Re: remote accumulo instance issue

2013-05-08 Thread Marc Reichman
All,

My apologies. This seemed to be a JAR mismatch error. No more problems.
Sorry for the drill.

Marc


On Wed, May 8, 2013 at 11:45 AM, Marc Reichman mreich...@pixelforensics.com
 wrote:

 1.4.1., hadoop 1.0.3.

 Just for sanity, I ran 'accumulo classpath' on the cluster and am copying
 those exact files to my client side in case there was a mismatch somewhere.


 On Wed, May 8, 2013 at 11:43 AM, John Vines vi...@apache.org wrote:

 What version of Accumulo are you running?

 Sent from my phone, please pardon the typos and brevity.
 On May 8, 2013 12:38 PM, Marc Reichman mreich...@pixelforensics.com
 wrote:

 I can't find anything wrong with the networking.

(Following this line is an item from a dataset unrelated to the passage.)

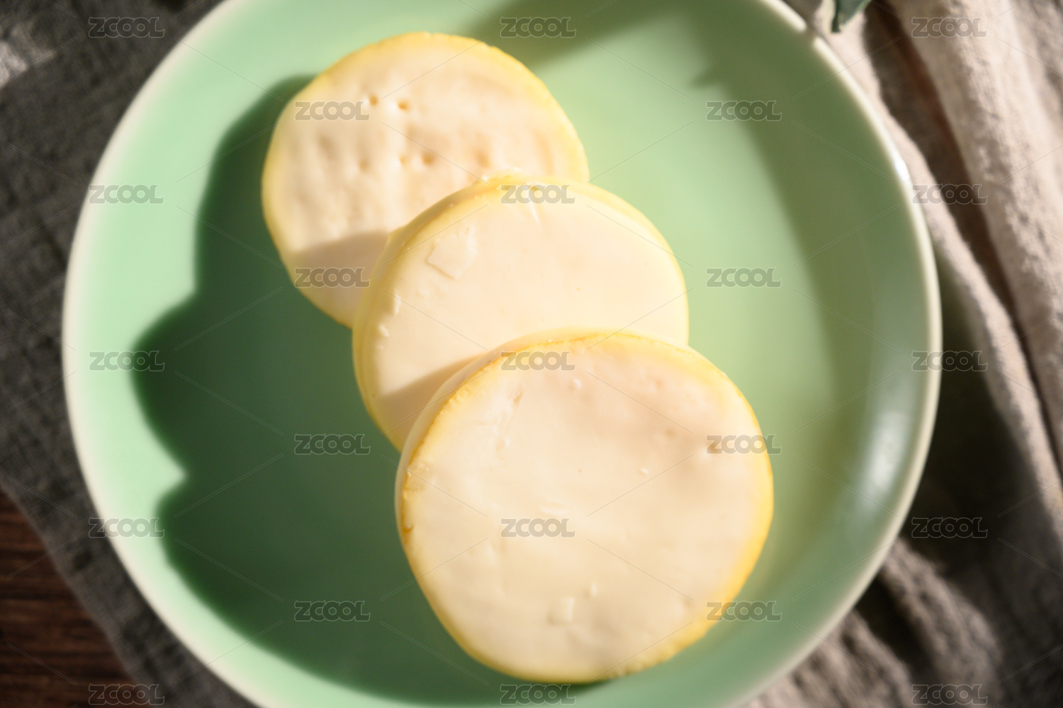 桌面上的盘子里的美味可口的白巧克力橙子片

Here is the whole error
 with stack trace:
 2057 [main] WARN org.apache.accumulo.core.client.impl.ServerClient  -
 Failed to find an available server in the list of servers:
 [192.168.1.164:9997:9997 (12), 192.168.1.192:9997:9997 (12),
 192.168.1.194:9997:9997 (12), 192.168.1.162:9997:9997 (12),
 192.168.1.190:9997:9997 (12), 192.168.1.166:9997:9997 (12),
 192.168.1.168:9997:9997 (12), 192.168.1.196:9997:9997 (12)]
 Exception in thread main java.lang.IncompatibleClassChangeError:
 Implementing class
 at java.lang.ClassLoader.defineClass1(Native Method)
  at java.lang.ClassLoader.defineClassCond(ClassLoader.java:631)
 at java.lang.ClassLoader.defineClass(ClassLoader.java:615)
  at
 java.security.SecureClassLoader.defineClass(SecureClassLoader.java:141)
 at java.net.URLClassLoader.defineClass(URLClassLoader.java:283)
  at java.net.URLClassLoader.access$000(URLClassLoader.java:58)
 at java.net.URLClassLoader$1.run(URLClassLoader.java:197)
  at java.security.AccessController.doPrivileged(Native Method)
 at java.net.URLClassLoader.findClass(URLClassLoader.java:190)
  at java.lang.ClassLoader.loadClass(ClassLoader.java:306)
 at sun.misc.Launcher$AppClassLoader.loadClass(Launcher.java:301)
  at java.lang.ClassLoader.loadClass(ClassLoader.java:247)
 at
 org.apache.accumulo.core.client.impl.ServerClient.getConnection(ServerClient.java:146)
  at
 org.apache.accumulo.core.client.impl.ServerClient.getConnection(ServerClient.java:123)
 at
 org.apache.accumulo.core.client.impl.ServerClient.executeRaw(ServerClient.java:105)
  at
 org.apache.accumulo.core.client.impl.ServerClient.execute(ServerClient.java:71)
 at
 org.apache.accumulo.core.client.impl.ConnectorImpl.init(ConnectorImpl.java:75)
  at
 org.apache.accumulo.core.client.ZooKeeperInstance.getConnector(ZooKeeperInstance.java:218)
 at
 org.apache.accumulo.core.client.ZooKeeperInstance.getConnector(ZooKeeperInstance.java:206)

 Running on JDK 1.6.0_27


 On Wed, May 8, 2013 at 10:38 AM, Keith Turner ke...@deenlo.com wrote:




 On Wed, May 8, 2013 at 11:09 AM, Marc Reichman 
 mreich...@pixelforensics.com wrote:

 I have seen this as ticket ACCUMULO-687 which has been marked
 resolved, but I still see this issue.

 I am connecting to a remote accumulo instance to query and to launch
 mapreduce jobs using AccumuloRowInputFormat, and I'm seeing an error like:

 91 [main-SendThread(padres.home:2181)] INFO
 org.apache.zookeeper.ClientCnxn  - Socket connection established to
 padres.home/192.168.1.160:2181, initiating session
 166 [main-SendThread(padres.home:2181)] INFO
 org.apache.zookeeper.ClientCnxn  - Session establishment complete on 
 server
 padres.home/192.168.1.160:2181, sessionid = 0x13e7b48f9d17af7,
 negotiated timeout = 3
 1889 [main] WARN org.apache.accumulo.core.client.impl.ServerClient  -
 Failed to find an available server in the list of servers:
 [192.168.1.164:9997:9997 (12), 192.168.1.192:9997:9997 (12),
 192.168.1.194:9997:9997 (12), 192.168.1.162:9997:9997 (12),
 192.168.1.190:9997:9997 (12), 192.168.1.166:9997:9997 (12),
 192.168.1.168:9997:9997 (12), 192.168.1.196:9997:9997 (12)]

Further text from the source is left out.